Так вчера прошли через центр сюда на пересылку. Тут Ганю записали вместе со всеми в толстую школьную тетрадь, и все было в полном ажуре: повели в столовку, дали горячего ужину по армейской норме — кашу с мясом и чай в кружке с двумя камушками рафинада («граммов сорок», — прикидывали бабы). Кружки и миски выдавали через окна в перегородке, туда же сдавали грязные, и Ганя, может, впервые за жизнь, поев, посуды за собой не мыла и, гордая, легла посреди барака между двух новых товарок. От толстой было тепло, а рыжая прижималась доверчиво, ну прямо кошка! — и Ганя засыпала счастливая.

«Ехай, ахай… — грозилась она хозяйке. — Колбасой катись, жендарма! У, верста — сивая красота!» — и с удовольствием вспоминала, как хозяйка выдирала из своей русой косы седые нитки волос. И сон пришел к Гане хороший, с кавказскими горами, какие видела в двадцать втором году в Ессентуках. Снилось, что едет она со своим чернявым хахалем Серегой, Сергей Еремычем, на линейке, а у лошади в гриве бумажные ленты, будто взаправду свадьба. А потом они задаром пьют лекарскую воду гранеными стаканами. Сергей Еремыч лениво и великодушно лапает Ганю и плюется на ее сестру, полудурку Кланьку, лярву-разлучницу, которую Ганя по дурости и доброте взяла с собой. От больших рук Сергей Еремыча Гане тепло, только ноги немного мерзнут и в животе малость нехорошо, наверно, от дармовой воды.

И вот теперь ночная побудка, как приблудная собачонка, разом слизнула сладкий навар сна. Ганя больно потянула шею, дернулась и очнулась в мерзлом бараке на пыльном полу, который больно стучал в ухо.

— Беги, тетка! — крикнул ей малец. (Среди женщин случайно затесался этот недомерок, не то доброволец, не то допризывник.) — Одни ломы останутся.

Ганя отряхнулась, как вспугнутая курица, и, подхватив кошелку, поспешила к дверям. Хотя ей было под пятьдесят, ступала она вприпрыжку, точно тощая клуша или плакса девчонка, которая до смерти боится мальчишек и водится с одними малявками. Со спины Ганя была еще молодой, но лицо у нее сморщилось и одлинноносело. «Курица!» — не сговариваясь, обзывали ее во всех домах, где перебывала приходящей прислугой.

«А вдруг — лом!.. Руки отвертит. Кирка половчей…» — чуть не плача, решала она на ходу.

На дворе было светлее, чем в бараке.
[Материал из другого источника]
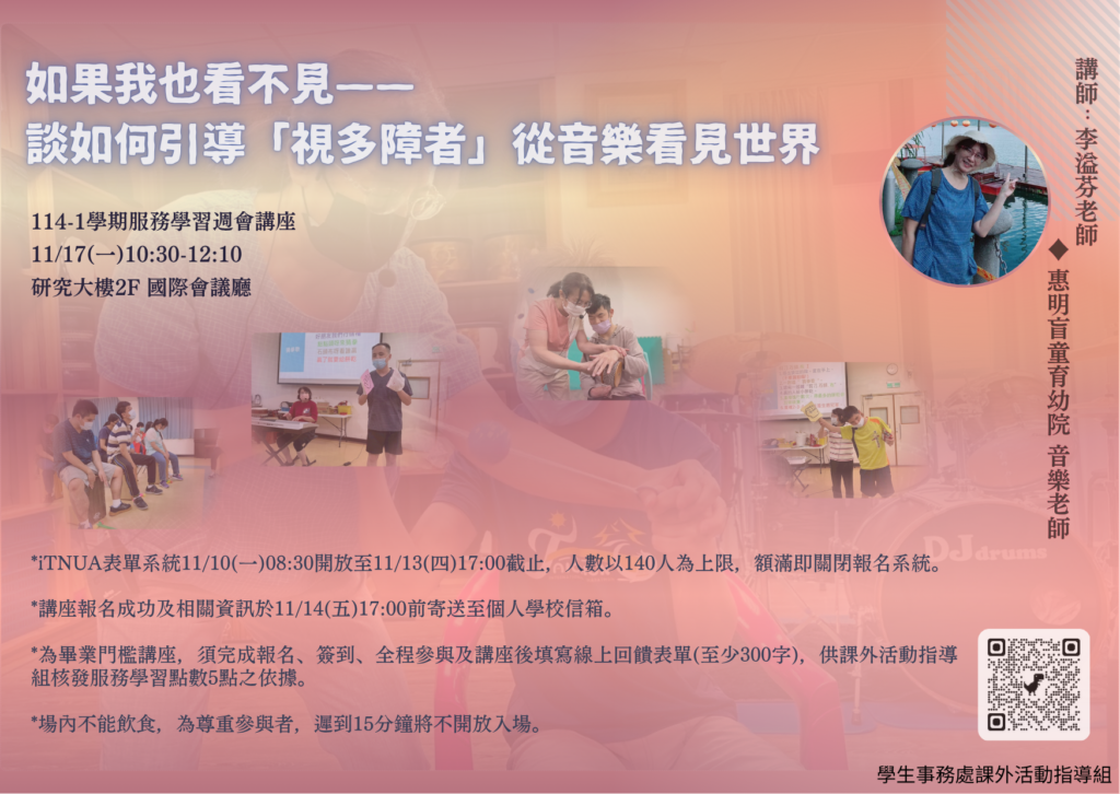 簡介資源下載FAQ國立臺北藝術大學服務學習實施辦法國立臺北藝術大學服務學習施行細則服務學習委員會會議紀錄國際關懷 課指組首頁北藝大首頁 關心焦點 服務學習點數可於iTNUA查詢!新教學務系統>>學務相關>>服務學習 個人校外 iTNUA>>服務學習>>填寫個人校外服務申請>>填好印出核章(最晚服務前一週繳至課指組) 服務學習課程 服務學習活動 服務學習講座**114-1學期講座(11/17):如果我也看不見** 每學期一場;可於iTNUA表單系統報名;即時訊息可參考課指組粉絲頁 *仍有疑惑請洽課外活動指導組分機: 1325 相關計畫教育部青年發展署相關補助計畫教育優先區中小學生營隊活動要點臺北市政府青年局法藍瓷想像計畫中租青年展望基金會中租愛心社團補助辦法暑假服務| 財團法人全聯佩樺圓夢社會福利基金會國泰卓越獎助計畫財團法人永長興社會福利慈善基金會信義房屋股份有限公司2025社區一家計畫社團法人千佛山慈善基金會國際志工青年赴以色列參加以色列社福部國際志工計畫相關說明微客國際志工活動VYA國際工作營2026聯合國『國際志工永續發展年』行動計畫

Горело больше синего электричества, и от маневровых паровозов летели искры и пламя. Красноармейцы, стоя в кузовах, нерасторопно раздавали инструмент. Лопаты были жирно смазаны какой-то липкой гадостью. «Солидол», — ругались в толпе.
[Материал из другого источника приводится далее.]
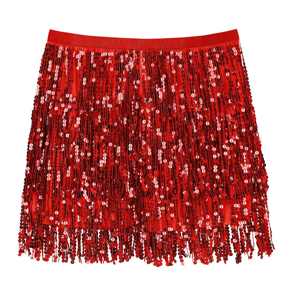 Laat jezelf stralen met dit sprankelende rode minirokje! Versierd met glinsterende pailletten en speelse franjes, beweegt het rokje mee bij elke stap voor een onweerstaanbaar effect. Perfect voor feestjes, carnaval of themafeesten.

— Не толкотись, не толкотись! — кричал на женщин худой военный. Он торчал по-прежнему на крыше кабины, и когда замолкал и не размахивал руками, то в шинели и фуражке при полутьме низкого неба напоминал статую. Но тут же снова драл глотку и рубил воздух рукавами шинели. В нем не было никакой державности, как внизу не было порядка.
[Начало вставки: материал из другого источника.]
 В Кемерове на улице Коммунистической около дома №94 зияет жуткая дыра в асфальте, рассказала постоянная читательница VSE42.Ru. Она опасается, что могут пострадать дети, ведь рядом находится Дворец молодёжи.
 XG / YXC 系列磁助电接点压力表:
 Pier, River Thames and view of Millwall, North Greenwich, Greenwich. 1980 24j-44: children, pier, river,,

«Разберут…» — слезно подумала Ганя и кинулась в толчею, гребя локтями, как в трамвае, когда просыпала остановку.

— Хучь кирку! — голосила она. — Лом рук не оставит!

Но те, кто вылез этой ночью из бараков, тоже были не ангелицы. Раза два Гане съездили по шее, разок сунули в ребро, и, прорычав:

— У, жилы! — она незаметно для себя перепорхнула от врагов порядка к вернейшим его слугам. Этих, как в любой очереди, было куда больше. Впрочем, с основания человечества слабые всегда в большем числе.

— Куда прешь? — через минуту орала Ганя на бойкую деваху в ватной фуфайке.

— Чего людям ноги давишь? — кричала на другую.

— А ну, паника, охолонь! — вразумляла еще кого-то.

— Вот все мы так… — вздыхала тут же для общего сведения. — Все возимся, все носимся. А чего?.. Все там будем.

— Будем-Будем, — смеялись вокруг. — Только рот, тетка, заткни.

— Лови, хохлатка, — заметил ее с машины боец и протянул лопату. Ганя, неловко подпрыгнув, ухватилась за склизкую холодную железяку, готовая к чужой зависти, а может, и к мордобою. Но никто ее не тронул. Вокруг машин как-то сразу поредело. Оказалось, лопат хватило на всех доброволок. Даже остались лишние, и их вместе с остальным инструментом сбросили в углу двора. Худой военный сел в кабину, и полуторки, развернувшись, выползли за ворота.

Светало медленно. Время было самое неловкое — ни спать, ни про жизнь переговариваться. Гане опять стало тоскливо. И еще от вчерашней каши жгло в животе.

— Снова печенка, — покорно вздохнула она, стоя посреди опустевшего двора и упирая черный ботик в штык лопаты.